__Task details__
Your output should be the lines below from the one with "钦州装饰协会一行来到广西中庭" through the one with "随后学生代表戴明宇同志发言。", copied exactly, pictures excluded.

(Records from a dataset)
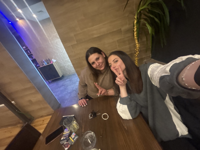 - "Two adult females are seated at a dark wooden table within an indoor establishment in Sandanski, Bulgaria, consistent with a cafe or bar setting" by FM-G2avR2, licensed under CC BY 4.0
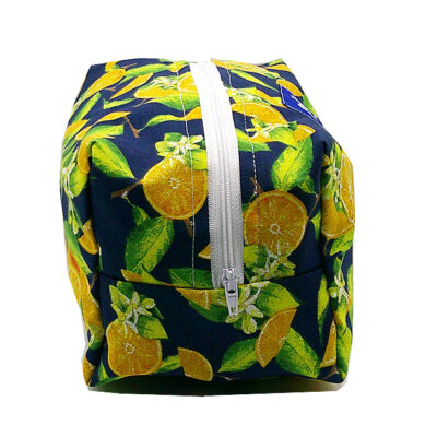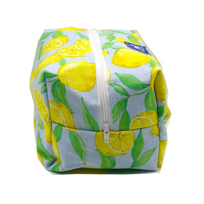 GRANDE TROUSSE CITRON BLEU à fermeture éclair, extérieur coton à motifs colorés, intérieur waterproof. Lanière de transport ou d’accrochage. Finitions renforcées. Sa grande contenance vous permettra de transporter tous vos accessoires de toilette.
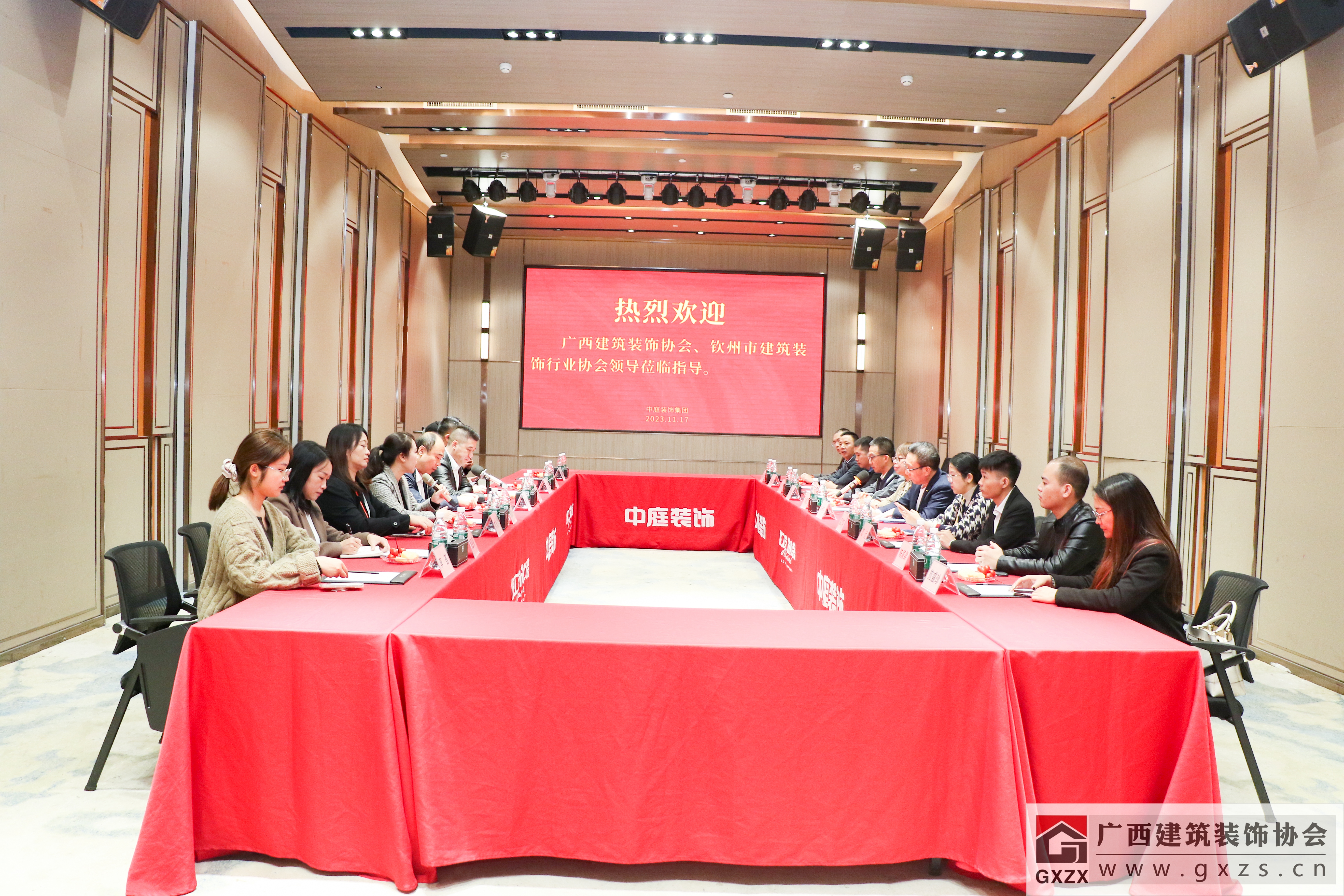 钦州装饰协会一行来到广西中庭装饰工程集团有限公司,在中庭装饰副总裁张浩熙带领下参观了展厅和党建园地,并详细介绍了企业在创新业务模式、服务建设、加强员工党建意识培养等方面的做法和成效。在座谈会上,钦州装饰协会与中庭装饰相关职能负责人就业务开展问题进行了深入探讨,分享了各自的市场拓展和企业管理经验。
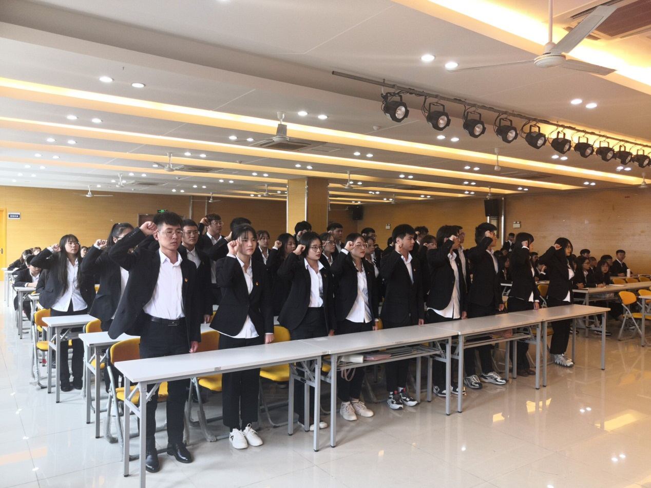 随后学生代表戴明宇同志发言。他从大学生的视角带领大家思考了如何做一名合格的党员。他号召广大学生党员积极行动起来,用自己的行动努力在全院营造良好的学习氛围,做文明的传播者,做制度的守护者。倡导每位学生党员严格要求自己,不断提升自己、完善自我。接着,在戴明宇同志的带领下,党员代表们举起右手,握拳过肩,高声宣读入党誓词。
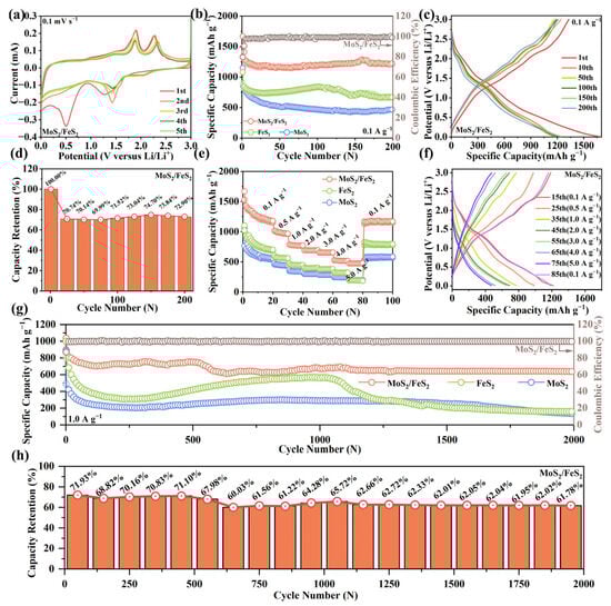 Similarly, the S 2p high-resolution spectrum of MoS2/FeS2 (Figure 2d) exhibits two distinct sets of peaks associated with the Mo–S bond. Specifically, the peaks observed at 161.3 eV and 162.6 eV correspond to the 1T phase, while those detected at 162.4 eV and 164.0 eV are indicative of the presence of the 2H phase. In addition, the remaining set of peaks belonging to Fe–S can be deconvoluted to 163.4 eV and 164.4 eV, respectively. Compared with pure MoS2 and pure FeS2, all the peaks corresponding to Mo–S bonds move to the direction of low binding energy, while all the peaks corresponding to Fe–S bonds move to the direction of high binding energy, and this phenomenon fully confirms the process of electron transfer from FeS2 to MoS2. Widespread Mo–S bonds and Fe–S in MoS2/FeS2 provide good electron conductivity and Faradaic pseudocapacitance. Furthermore, the heterogeneous interface leads to a lopsided charge distribution near the interface, and the corresponding interfacial interaction can boost the electron transfer reactions and offer sufficient active reaction sites for lithium-ion storage. The changes in the Mo–S and Fe–S binding energies demonstrate the interaction between MoS2 and FeS2, which further enhances the adsorption of lithium ions at the interface. Therefore, the XPS analysis confirms that MoS2 and FeS2 were formed synchronously during the hydrothermal reaction. The imbalanced charge distribution occurring in the interfacial region can create an inner electric field [29], and the partial phase transition produces 1T-MoS2 with metallic conductor properties favoring the electronic conductivity of the MoS2/FeS2. Moreover, the heterogeneous interface demonstrates strong covalent chemical bond interaction between the MoS2 layer and FeS2 layer, which is important for interfacial lithium-ion storage. The XPS analysis unambiguously shows that heterogeneous interfaces are formed through the simultaneous generation of the hydrothermal reaction MoS2 and FeS2 and that heterogeneous interfaces enhance interfacial charge migration for lithium-ion storage.
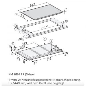 Thông số kỹ thuật và tổng quan bếp từ đa điểm Miele KM 7697 FR 11000 W
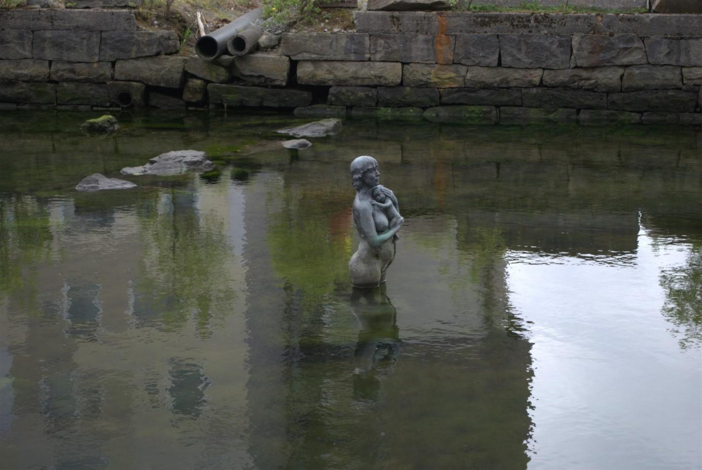 En av de mer fantasifulle plasseringene av Bergen kommunes skulpturer finner vi i Møllendalselven. Midt uti vannmassene står en kvinne som bærer et barn i armene. Hva i alle dager har hun der å gjøre?

__Response__
 钦州装饰协会一行来到广西中庭装饰工程集团有限公司,在中庭装饰副总裁张浩熙带领下参观了展厅和党建园地,并详细介绍了企业在创新业务模式、服务建设、加强员工党建意识培养等方面的做法和成效。在座谈会上,钦州装饰协会与中庭装饰相关职能负责人就业务开展问题进行了深入探讨,分享了各自的市场拓展和企业管理经验。
 随后学生代表戴明宇同志发言。他从大学生的视角带领大家思考了如何做一名合格的党员。他号召广大学生党员积极行动起来,用自己的行动努力在全院营造良好的学习氛围,做文明的传播者,做制度的守护者。倡导每位学生党员严格要求自己,不断提升自己、完善自我。接着,在戴明宇同志的带领下,党员代表们举起右手,握拳过肩,高声宣读入党誓词。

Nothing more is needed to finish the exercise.